Give again, word for word, every line in the entries below from the line with "코리아타임뉴스 윤광희 기자" up to and including the line with "SOBRE GRAVATA SLIM", and no other line.

## PROVIDED DATA
- - -

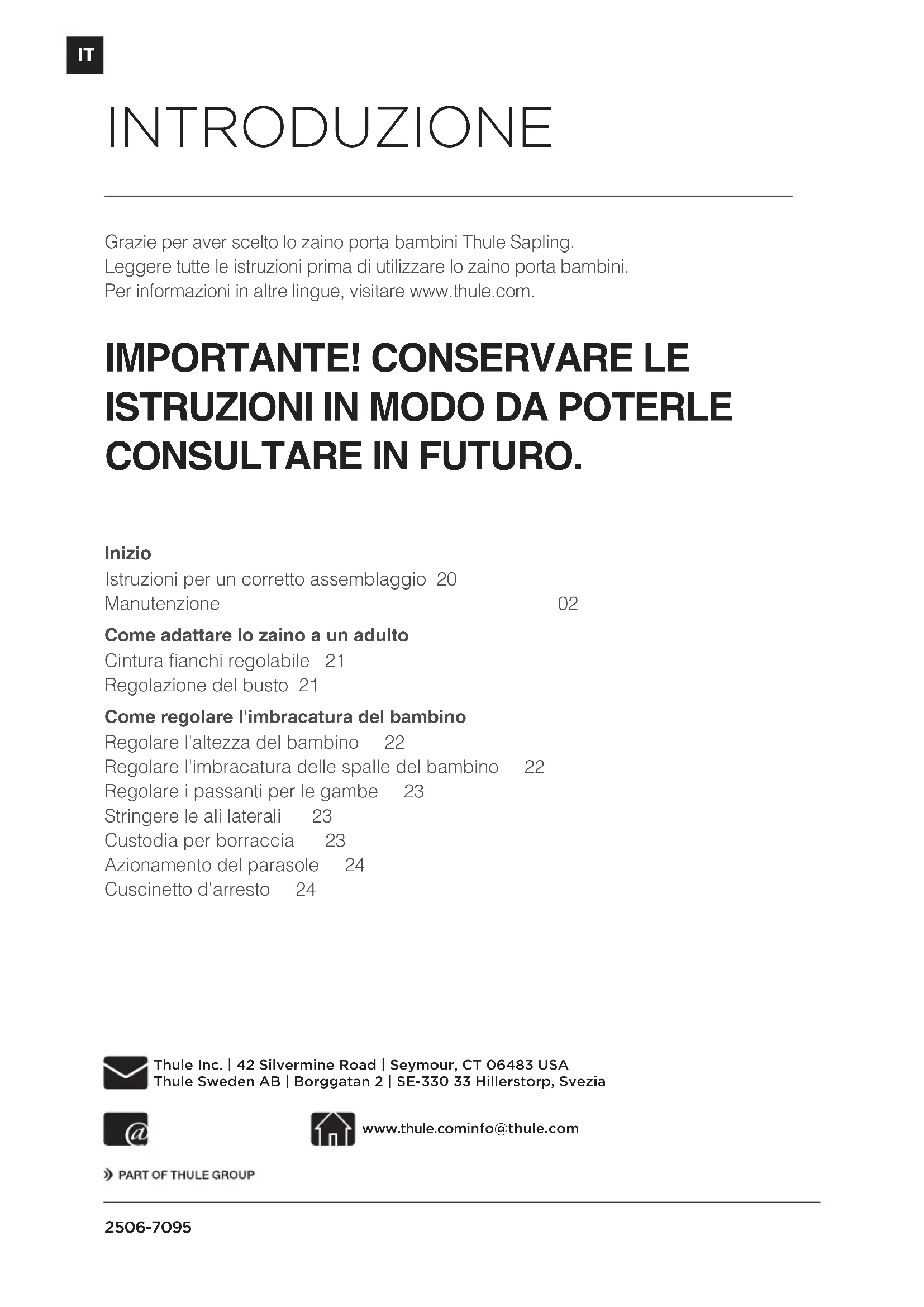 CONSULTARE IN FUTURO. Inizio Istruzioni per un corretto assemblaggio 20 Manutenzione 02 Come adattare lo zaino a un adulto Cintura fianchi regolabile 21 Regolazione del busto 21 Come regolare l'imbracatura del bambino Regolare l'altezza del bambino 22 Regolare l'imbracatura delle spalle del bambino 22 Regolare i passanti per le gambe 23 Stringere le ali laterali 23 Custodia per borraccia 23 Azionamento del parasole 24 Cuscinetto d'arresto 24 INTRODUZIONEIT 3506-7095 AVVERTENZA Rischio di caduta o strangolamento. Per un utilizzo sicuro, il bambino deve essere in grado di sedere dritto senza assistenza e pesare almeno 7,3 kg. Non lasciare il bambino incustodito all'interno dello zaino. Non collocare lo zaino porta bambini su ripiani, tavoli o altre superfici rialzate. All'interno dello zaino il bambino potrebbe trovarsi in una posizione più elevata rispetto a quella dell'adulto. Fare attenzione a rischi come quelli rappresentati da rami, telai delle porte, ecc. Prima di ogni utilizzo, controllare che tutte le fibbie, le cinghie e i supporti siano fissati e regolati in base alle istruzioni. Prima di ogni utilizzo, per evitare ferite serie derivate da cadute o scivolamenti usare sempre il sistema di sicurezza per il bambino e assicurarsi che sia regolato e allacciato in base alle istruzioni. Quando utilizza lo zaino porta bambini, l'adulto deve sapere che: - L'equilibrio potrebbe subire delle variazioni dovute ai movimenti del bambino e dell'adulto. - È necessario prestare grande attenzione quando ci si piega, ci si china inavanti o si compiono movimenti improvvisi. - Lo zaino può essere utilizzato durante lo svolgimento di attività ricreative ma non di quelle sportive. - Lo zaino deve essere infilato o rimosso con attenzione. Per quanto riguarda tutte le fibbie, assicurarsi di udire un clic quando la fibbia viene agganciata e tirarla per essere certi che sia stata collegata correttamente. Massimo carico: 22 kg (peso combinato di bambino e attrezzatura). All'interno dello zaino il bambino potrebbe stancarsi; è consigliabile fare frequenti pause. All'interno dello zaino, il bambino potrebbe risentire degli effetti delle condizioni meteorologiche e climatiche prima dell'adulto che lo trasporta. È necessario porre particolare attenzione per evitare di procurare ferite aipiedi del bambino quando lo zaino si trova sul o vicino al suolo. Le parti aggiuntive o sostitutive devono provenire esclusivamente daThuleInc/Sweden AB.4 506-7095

- - -

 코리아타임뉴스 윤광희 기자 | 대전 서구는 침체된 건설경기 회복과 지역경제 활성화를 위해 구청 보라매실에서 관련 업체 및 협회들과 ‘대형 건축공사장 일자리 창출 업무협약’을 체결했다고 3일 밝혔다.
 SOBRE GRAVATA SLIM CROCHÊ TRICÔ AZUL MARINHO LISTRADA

- - -

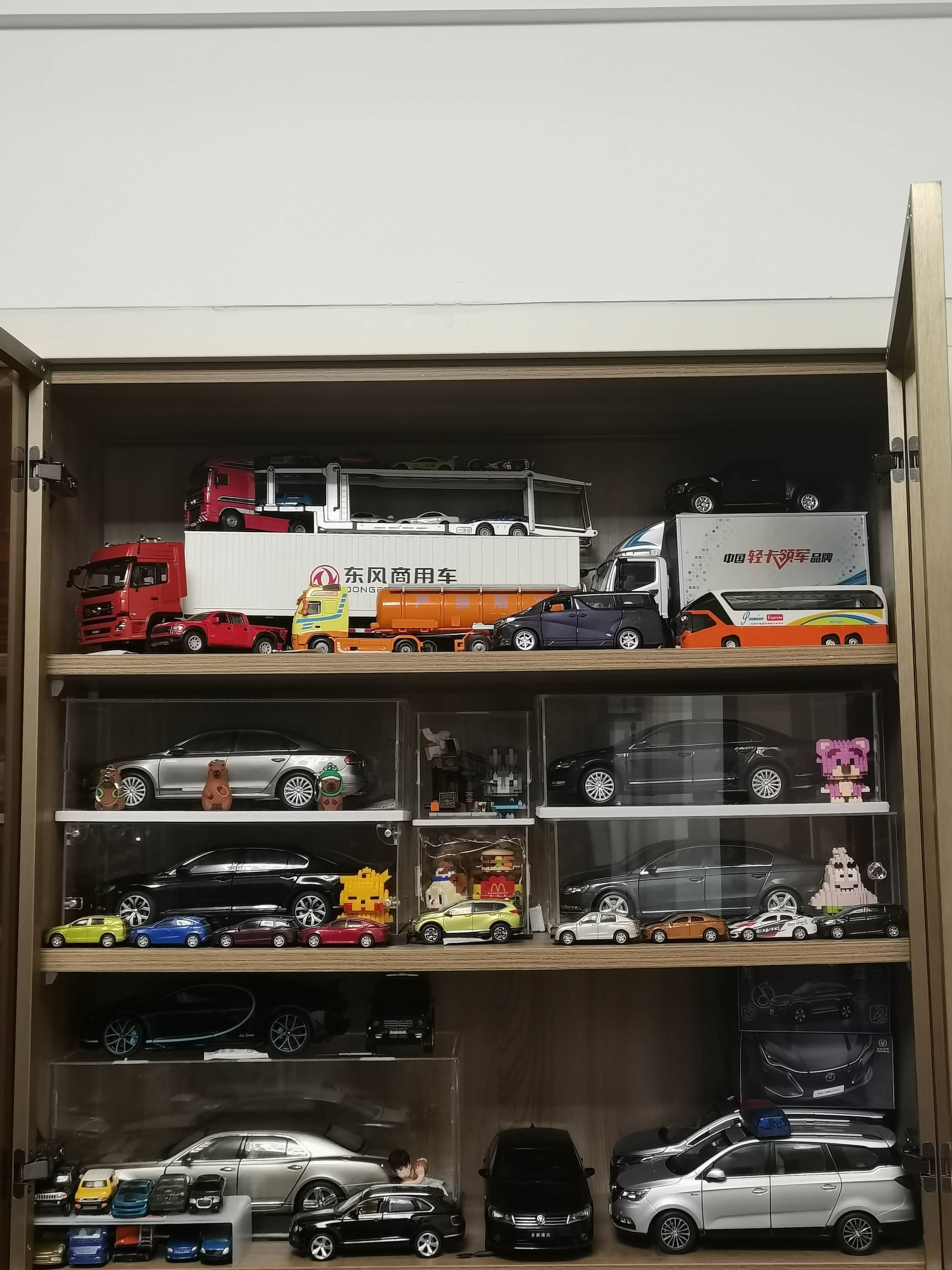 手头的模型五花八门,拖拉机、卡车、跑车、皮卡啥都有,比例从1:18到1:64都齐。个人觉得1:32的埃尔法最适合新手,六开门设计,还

- - -

## RESULT
 코리아타임뉴스 윤광희 기자 | 대전 서구는 침체된 건설경기 회복과 지역경제 활성화를 위해 구청 보라매실에서 관련 업체 및 협회들과 ‘대형 건축공사장 일자리 창출 업무협약’을 체결했다고 3일 밝혔다.
 SOBRE GRAVATA SLIM CROCHÊ TRICÔ AZUL MARINHO LISTRADA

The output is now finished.